The Ö1 Box at the Learning Center Provides Access to the ORF’s Historical ArchivesThe new JKU campus has not only undergone renovation and enhancements, the Ö1 Box at the Learning Center is a unique addition that provides library users with access to ORF’s historical archives as well as all past Ö1 science and education broadcasts. Library users now have immediate access to approximately seven million database documents ins the ORF archives and corresponding audio and video media.

Rector Meinhard Lukas is excited about the new possibilities: "The Ö1 Box at the Learning Center takes research possibilities at the JKU to a whole new level.
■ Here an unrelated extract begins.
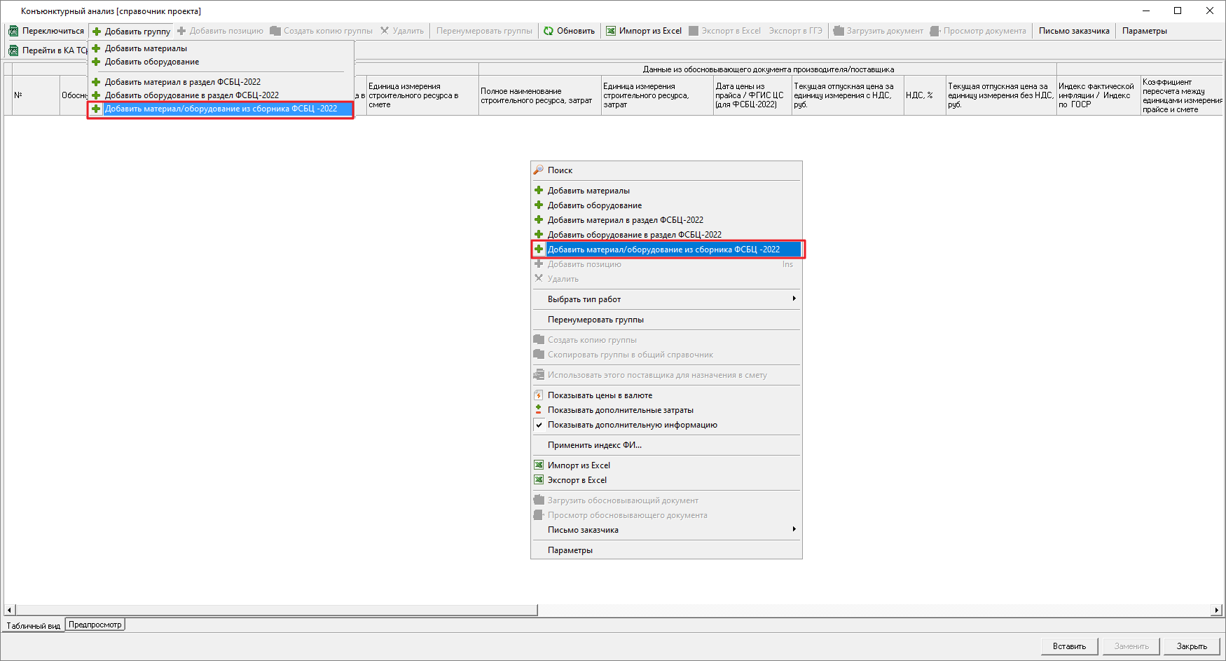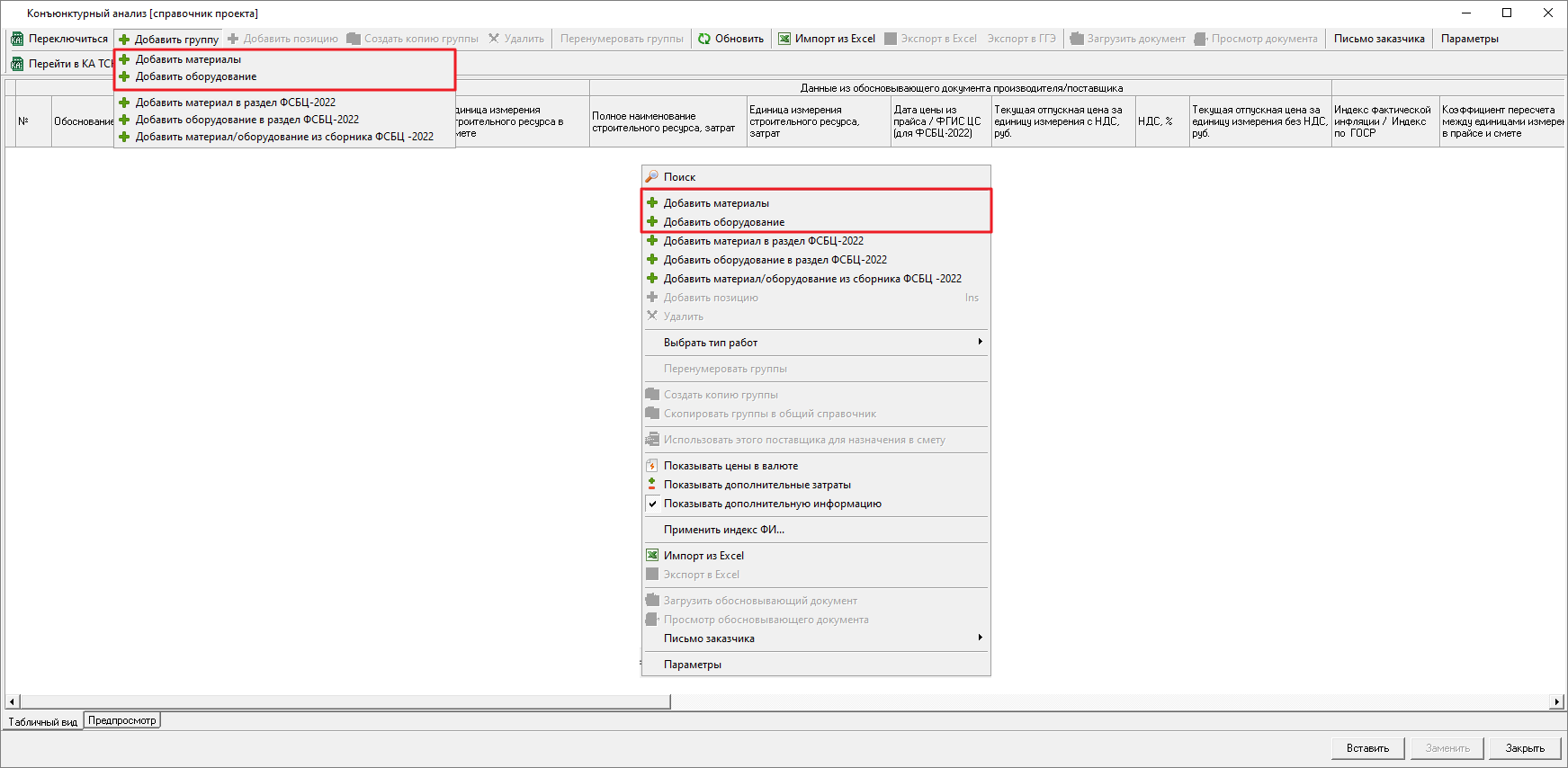 Для добавления группы строк в раздел "Конъюнктурный анализ" нажмите на панели инструментов "Добавить группу" и выберите добавить группу материалов или оборудования, либо нажмите правой кнопкой мыши и выберите пункт "Добавить материалы" или "Добавить оборудование"

I am proud that we have one of the most important contemporary sources of historical collections pertaining to contemporary Austrian history here on campus and would like to thank Ö1 for this great opportunity."

Martin Bernhofer, head of programming at Ö1, added: "The new Ö1 Box at the Johannes Kepler University Linz provides access to the ORF archives, making the vast Ö1 archives in science and education available for scholarly use. Ö1’s presence at the interface of scholarly research, investigation, and audience contact is also part of our 'mission statement' as we open the station to be a part of knowledge transfer and communication between academia and the public. We are pleased that such an openly accessible and attractive location has been created in Linz for this purpose and we are excited about new projects and dialog about science and research in a social context."

Herbert Hayduck, head of the ORF archives, stated: "The research station at the Johannes Kepler University Linz gives academics and scientists direct access to approximately seven million database documents at the ORF archives as well as corresponding audio and video media. This provides direct access to one of the most important sources of contemporary Austrian history for scholarly use. In this regard, we are building a virtual bridge between academia and the ORF archives; audiovisual documents will be directly available to students and educators to support their research. For the past several years, similar ORF archive stations at other Austrian universities have become successful models, stimulating and facilitating a wide range of collaboration efforts between academia and ORF. We are developing the concept further in Linz and the ORF archive resources are being embedded as part of a broad connection between Ö1 and academia. We are excited to see what additional projects will yield!"